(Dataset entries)

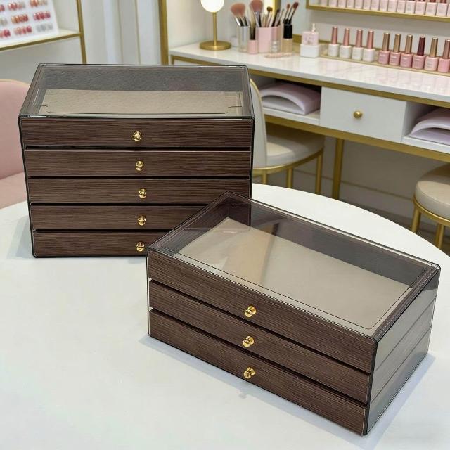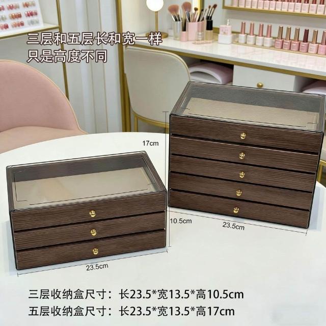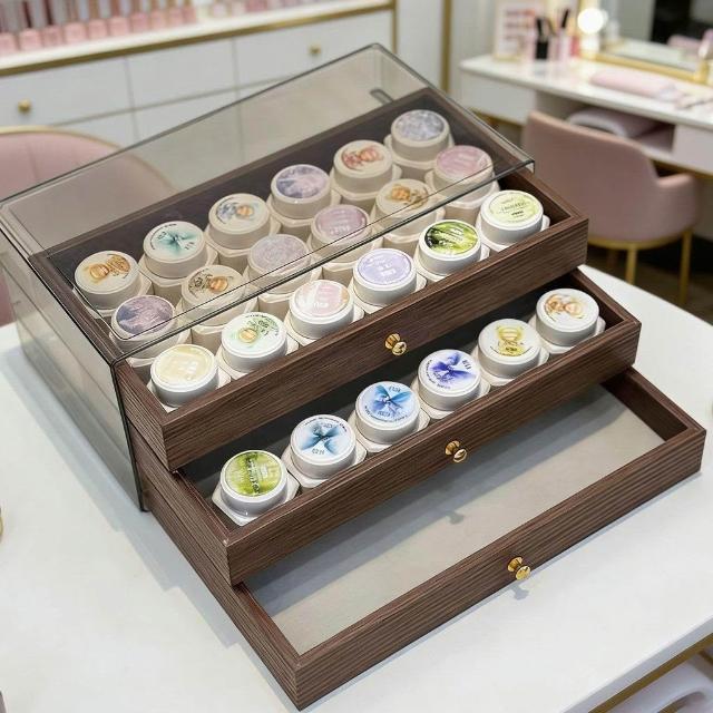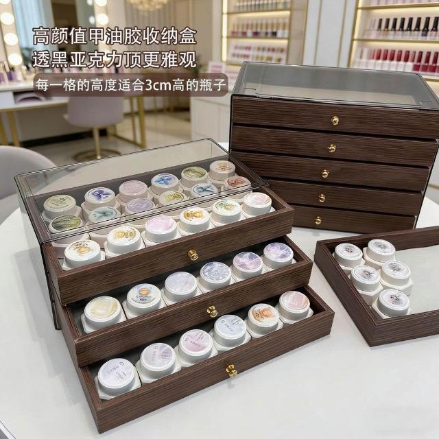 博博精品 美甲罐裝膠收納盒抽屜式2026年新款甲油膠胡桃木 桌面高級工具盒
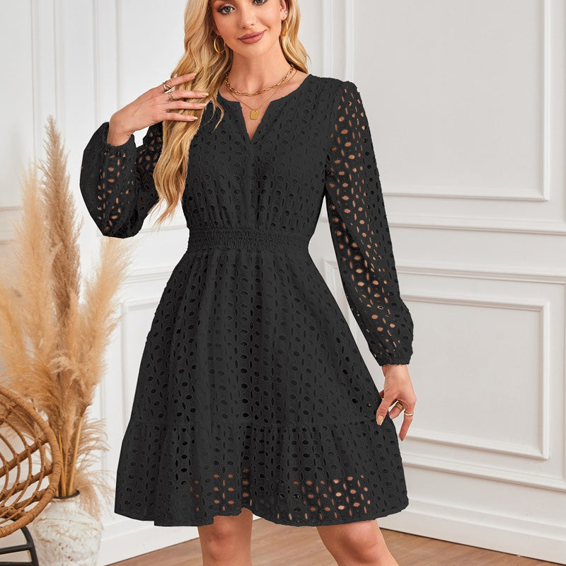 💕Summer Hot Sale 50% Off & Freeshipping💕Women's V-Neck Long Sleeve Hollow Out Dress
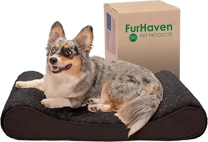 Furhaven Cooling Gel Dog Bed for Medium/Small Dogs w/Removable Washable Cover, For Dogs Up to 23 lbs - Ultra Plush Faux Fur & Suede Luxe Lounger Contour Mattress - Chocolate, Medium
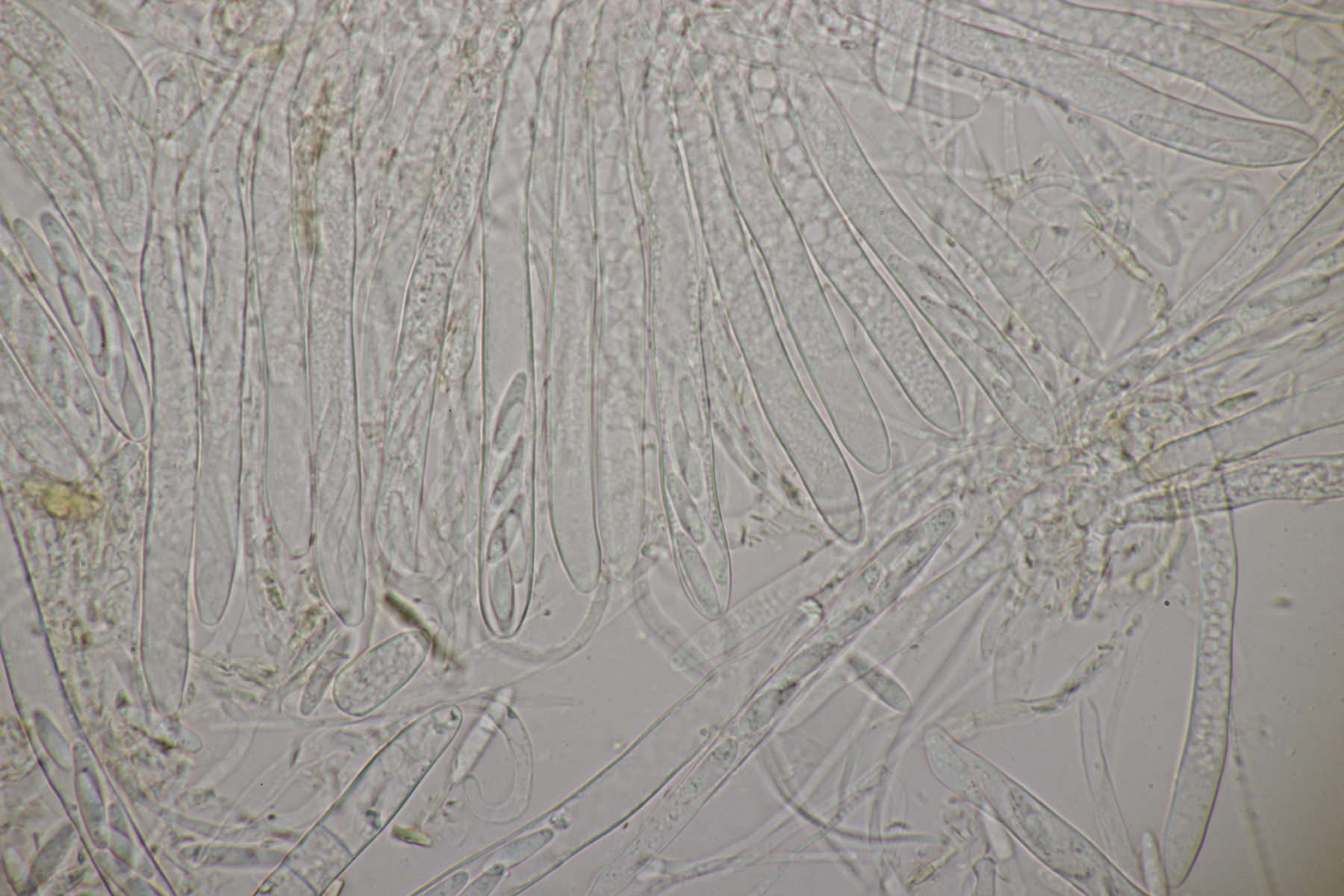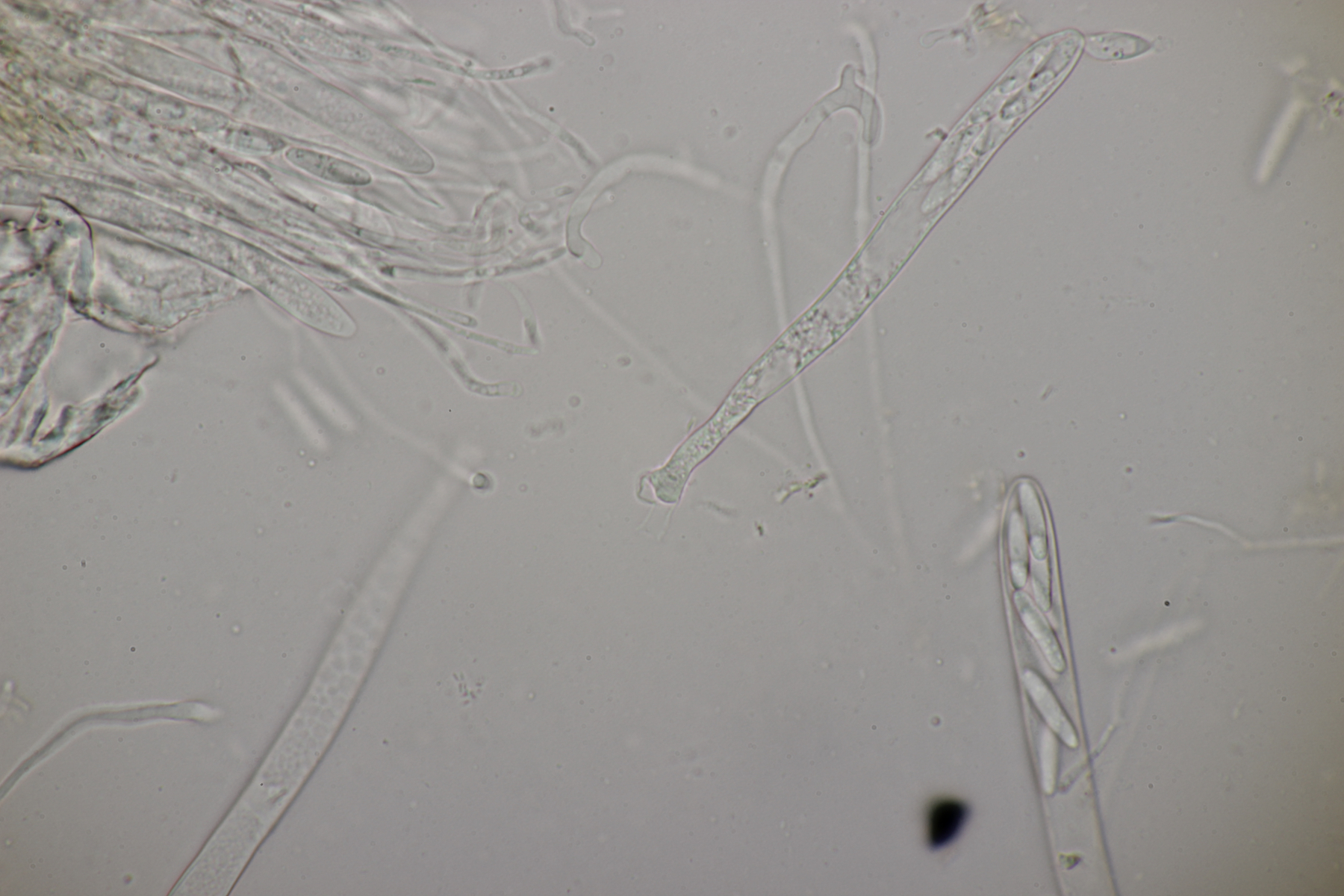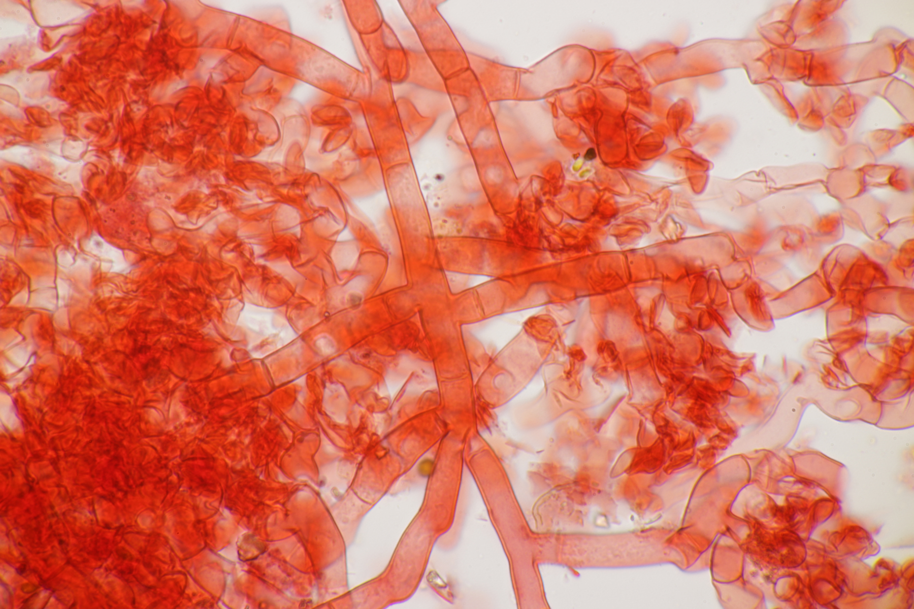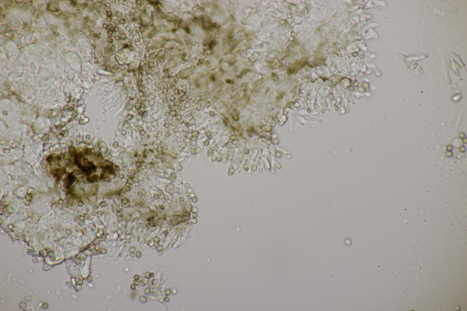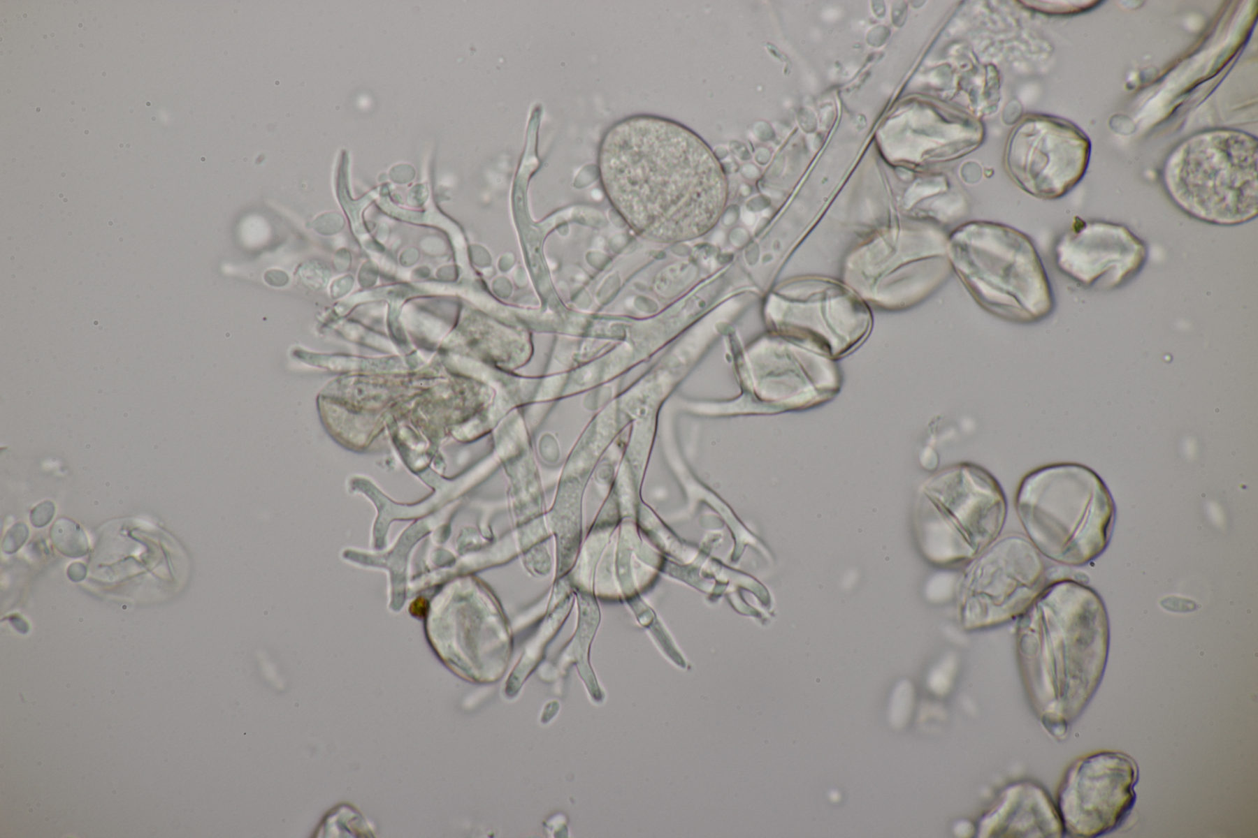 2. Ein Rindepilz auf Kiefer. Leider waren keine Sporen zu sehen. Schnallen waren vorhanden, Basidien viersporig mit Basalschnalle. Gewisse Strukturen würde ich als Zystiden interpretieren, die septiert wirkten (allerdings ohne Schnalle). Aber so ohne Sporen fehlt mir da jegliche Idee.
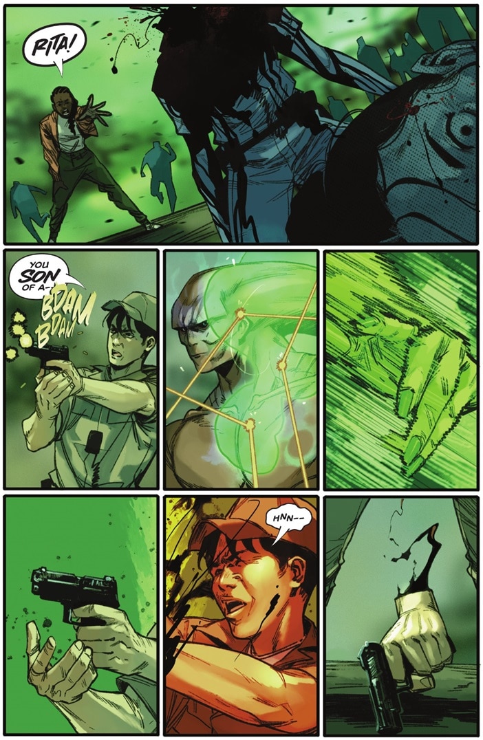 In Absolute Green Lantern #2, Sur tells the citizens of Evergreen, Nevada that he’s going to pass judgment on them and things escalate from there. Guy Gardner is incinerated, a cop named Rita is decapitated and her partner Roy gets his hand cut off. And if you’re looking for Hal to save everyone…well, he’s dealing with his own issues, namely the alien curse that just may turn him into an even bigger threat to the world than Abin Sur.

## ASSIGNMENT
Exact repetition is the task: every line from the start of the data to the line with "2. Ein Rindepilz", inclusive, and none after it, pictures omitted.

## ANSWER TO THIS EXERCISE
 博博精品 美甲罐裝膠收納盒抽屜式2026年新款甲油膠胡桃木 桌面高級工具盒
 💕Summer Hot Sale 50% Off & Freeshipping💕Women's V-Neck Long Sleeve Hollow Out Dress
 Furhaven Cooling Gel Dog Bed for Medium/Small Dogs w/Removable Washable Cover, For Dogs Up to 23 lbs - Ultra Plush Faux Fur & Suede Luxe Lounger Contour Mattress - Chocolate, Medium
 2. Ein Rindepilz auf Kiefer. Leider waren keine Sporen zu sehen. Schnallen waren vorhanden, Basidien viersporig mit Basalschnalle. Gewisse Strukturen würde ich als Zystiden interpretieren, die septiert wirkten (allerdings ohne Schnalle). Aber so ohne Sporen fehlt mir da jegliche Idee.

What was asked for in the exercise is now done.